• **TO DO**: Begin at the line containing "2025年9月27日新臺幣相關(guān)匯率查詢" in the entries below and end at the line containing "Ces casiers à"; transcribe that range exactly and nothing outside it.

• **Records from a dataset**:
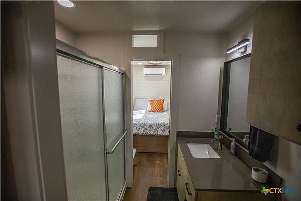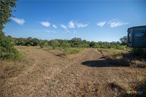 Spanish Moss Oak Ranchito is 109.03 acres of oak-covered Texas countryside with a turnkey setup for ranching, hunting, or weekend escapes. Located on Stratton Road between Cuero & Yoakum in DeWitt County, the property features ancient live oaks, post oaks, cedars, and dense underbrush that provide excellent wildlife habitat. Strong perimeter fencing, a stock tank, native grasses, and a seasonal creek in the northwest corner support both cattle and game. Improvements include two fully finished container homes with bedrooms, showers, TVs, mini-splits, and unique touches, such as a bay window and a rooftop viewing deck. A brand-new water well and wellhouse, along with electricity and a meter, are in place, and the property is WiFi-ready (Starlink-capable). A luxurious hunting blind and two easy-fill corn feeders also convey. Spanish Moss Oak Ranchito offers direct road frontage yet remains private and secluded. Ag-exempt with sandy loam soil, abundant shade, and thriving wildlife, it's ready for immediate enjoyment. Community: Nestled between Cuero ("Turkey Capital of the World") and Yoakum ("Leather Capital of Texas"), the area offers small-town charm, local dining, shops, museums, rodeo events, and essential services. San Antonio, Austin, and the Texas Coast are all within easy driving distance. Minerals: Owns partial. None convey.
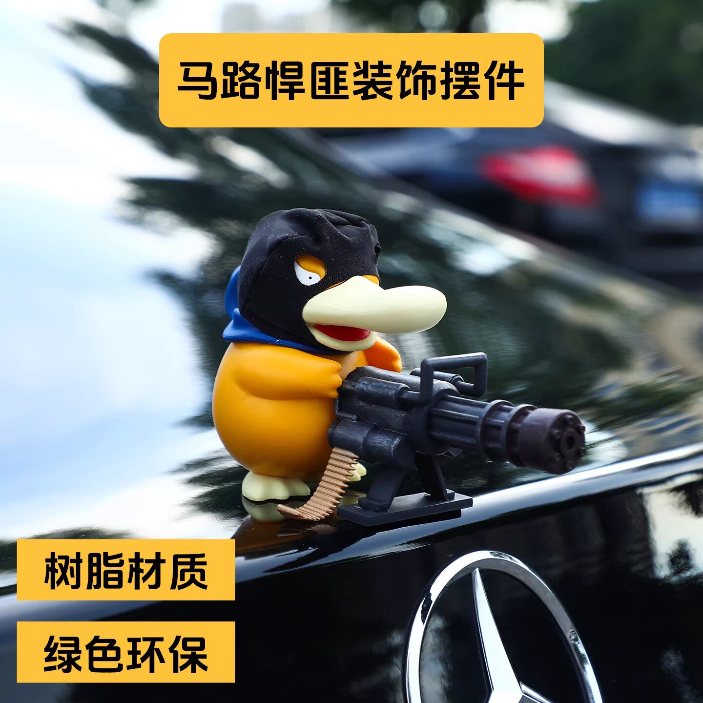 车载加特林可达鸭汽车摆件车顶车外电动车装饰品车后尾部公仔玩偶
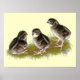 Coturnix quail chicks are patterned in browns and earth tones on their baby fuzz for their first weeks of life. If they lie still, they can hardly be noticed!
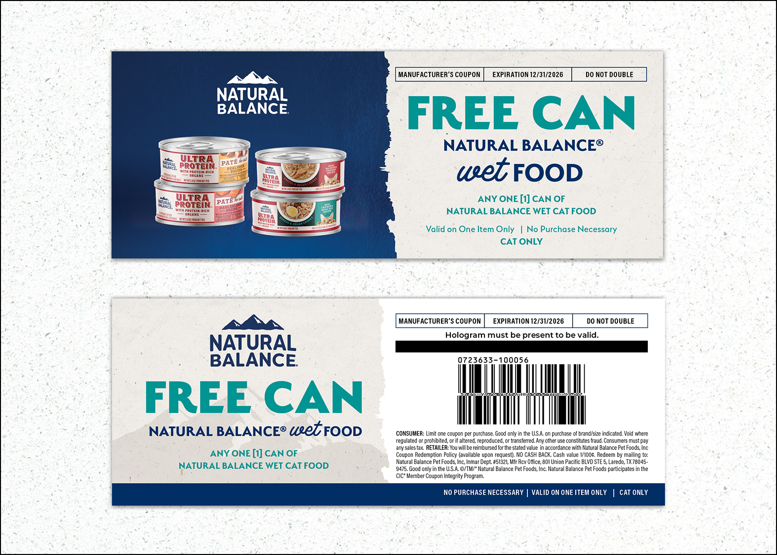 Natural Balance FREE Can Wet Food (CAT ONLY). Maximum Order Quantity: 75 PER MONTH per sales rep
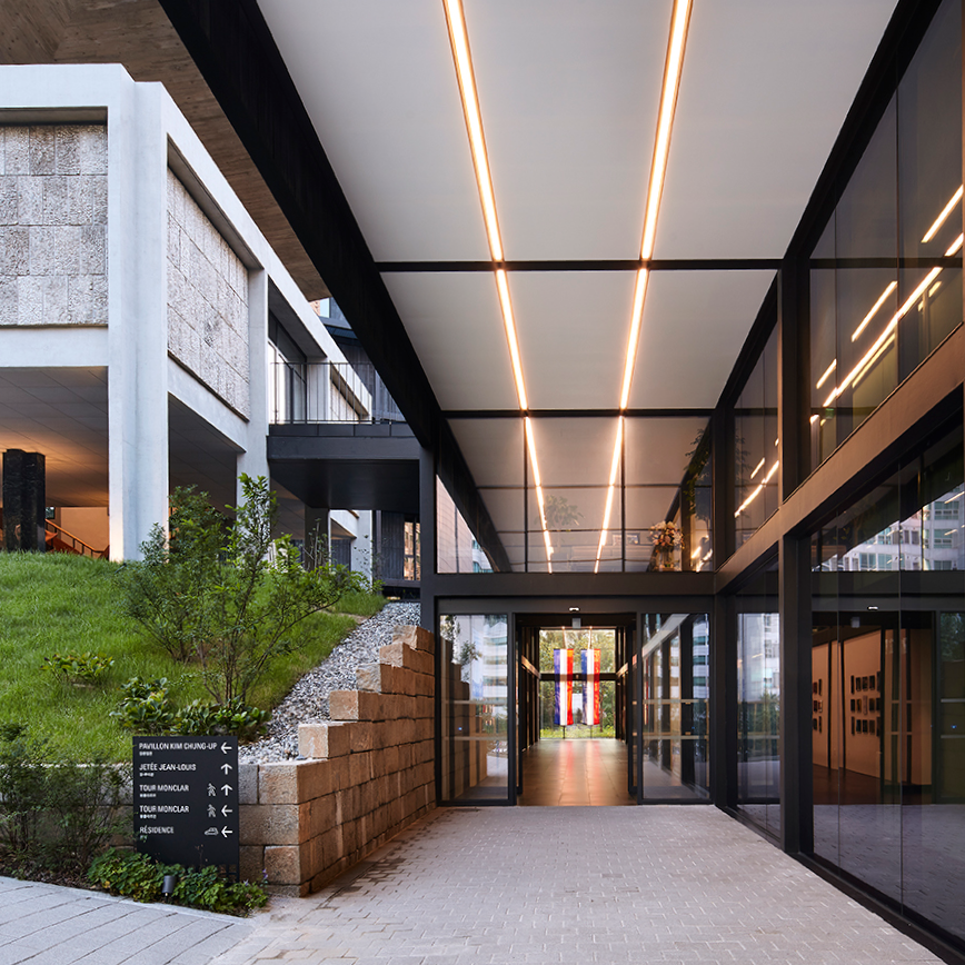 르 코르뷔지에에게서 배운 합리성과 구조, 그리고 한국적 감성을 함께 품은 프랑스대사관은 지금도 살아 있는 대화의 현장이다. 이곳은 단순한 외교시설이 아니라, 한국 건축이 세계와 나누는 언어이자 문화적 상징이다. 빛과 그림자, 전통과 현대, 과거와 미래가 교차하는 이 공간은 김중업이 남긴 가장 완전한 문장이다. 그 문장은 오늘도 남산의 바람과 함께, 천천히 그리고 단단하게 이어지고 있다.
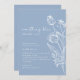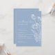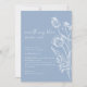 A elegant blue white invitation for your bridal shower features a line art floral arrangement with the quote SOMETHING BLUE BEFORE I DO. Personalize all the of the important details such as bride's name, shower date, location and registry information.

--

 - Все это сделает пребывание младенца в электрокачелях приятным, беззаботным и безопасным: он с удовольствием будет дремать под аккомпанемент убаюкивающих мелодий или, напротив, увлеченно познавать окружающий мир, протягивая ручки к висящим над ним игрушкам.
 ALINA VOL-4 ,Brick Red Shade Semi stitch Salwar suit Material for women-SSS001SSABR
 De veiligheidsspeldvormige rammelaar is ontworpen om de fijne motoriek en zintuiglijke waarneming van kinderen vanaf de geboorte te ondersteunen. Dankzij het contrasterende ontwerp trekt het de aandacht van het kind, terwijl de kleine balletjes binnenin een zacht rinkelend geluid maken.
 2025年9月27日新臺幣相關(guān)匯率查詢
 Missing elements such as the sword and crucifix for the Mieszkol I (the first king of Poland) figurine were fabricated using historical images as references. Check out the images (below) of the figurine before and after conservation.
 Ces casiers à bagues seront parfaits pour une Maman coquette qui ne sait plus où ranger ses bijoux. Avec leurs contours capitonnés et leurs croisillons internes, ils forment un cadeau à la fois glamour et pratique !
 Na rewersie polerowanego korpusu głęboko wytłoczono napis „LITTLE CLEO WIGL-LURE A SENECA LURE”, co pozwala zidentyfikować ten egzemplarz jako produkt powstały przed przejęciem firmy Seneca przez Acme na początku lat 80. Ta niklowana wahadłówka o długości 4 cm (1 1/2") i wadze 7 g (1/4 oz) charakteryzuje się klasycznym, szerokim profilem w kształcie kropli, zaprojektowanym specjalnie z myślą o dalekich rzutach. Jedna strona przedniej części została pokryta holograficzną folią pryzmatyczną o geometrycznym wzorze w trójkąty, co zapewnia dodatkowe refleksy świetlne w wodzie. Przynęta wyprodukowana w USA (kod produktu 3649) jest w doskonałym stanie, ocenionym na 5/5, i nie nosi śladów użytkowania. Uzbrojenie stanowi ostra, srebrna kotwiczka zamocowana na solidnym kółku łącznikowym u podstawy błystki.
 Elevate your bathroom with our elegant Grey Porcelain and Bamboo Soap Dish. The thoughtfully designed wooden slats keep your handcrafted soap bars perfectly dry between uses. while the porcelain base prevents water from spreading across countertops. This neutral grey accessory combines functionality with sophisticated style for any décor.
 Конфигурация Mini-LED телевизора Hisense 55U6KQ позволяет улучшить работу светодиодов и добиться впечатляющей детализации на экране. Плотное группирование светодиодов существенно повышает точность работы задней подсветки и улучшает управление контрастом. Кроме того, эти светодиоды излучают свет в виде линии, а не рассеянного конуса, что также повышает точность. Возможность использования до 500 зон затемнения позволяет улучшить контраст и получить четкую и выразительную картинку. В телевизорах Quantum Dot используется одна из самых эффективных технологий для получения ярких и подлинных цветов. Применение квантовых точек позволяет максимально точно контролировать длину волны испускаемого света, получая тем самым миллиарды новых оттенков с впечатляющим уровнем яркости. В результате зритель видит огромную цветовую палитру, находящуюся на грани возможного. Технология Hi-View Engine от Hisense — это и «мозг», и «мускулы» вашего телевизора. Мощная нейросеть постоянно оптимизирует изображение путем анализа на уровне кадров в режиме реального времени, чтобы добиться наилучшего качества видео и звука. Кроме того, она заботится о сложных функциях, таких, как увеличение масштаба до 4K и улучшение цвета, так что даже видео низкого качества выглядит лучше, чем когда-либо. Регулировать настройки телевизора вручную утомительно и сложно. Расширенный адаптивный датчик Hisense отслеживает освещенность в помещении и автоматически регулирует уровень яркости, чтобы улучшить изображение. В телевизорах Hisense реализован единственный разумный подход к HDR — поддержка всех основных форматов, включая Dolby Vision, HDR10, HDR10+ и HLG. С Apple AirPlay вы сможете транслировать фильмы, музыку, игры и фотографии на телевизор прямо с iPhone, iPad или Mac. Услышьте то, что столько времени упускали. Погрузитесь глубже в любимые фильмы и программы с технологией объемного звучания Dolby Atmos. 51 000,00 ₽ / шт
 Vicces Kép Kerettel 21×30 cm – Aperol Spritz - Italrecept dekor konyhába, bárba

• **OUTPUT**:
 2025年9月27日新臺幣相關(guān)匯率查詢
 Missing elements such as the sword and crucifix for the Mieszkol I (the first king of Poland) figurine were fabricated using historical images as references. Check out the images (below) of the figurine before and after conservation.
 Ces casiers à bagues seront parfaits pour une Maman coquette qui ne sait plus où ranger ses bijoux. Avec leurs contours capitonnés et leurs croisillons internes, ils forment un cadeau à la fois glamour et pratique !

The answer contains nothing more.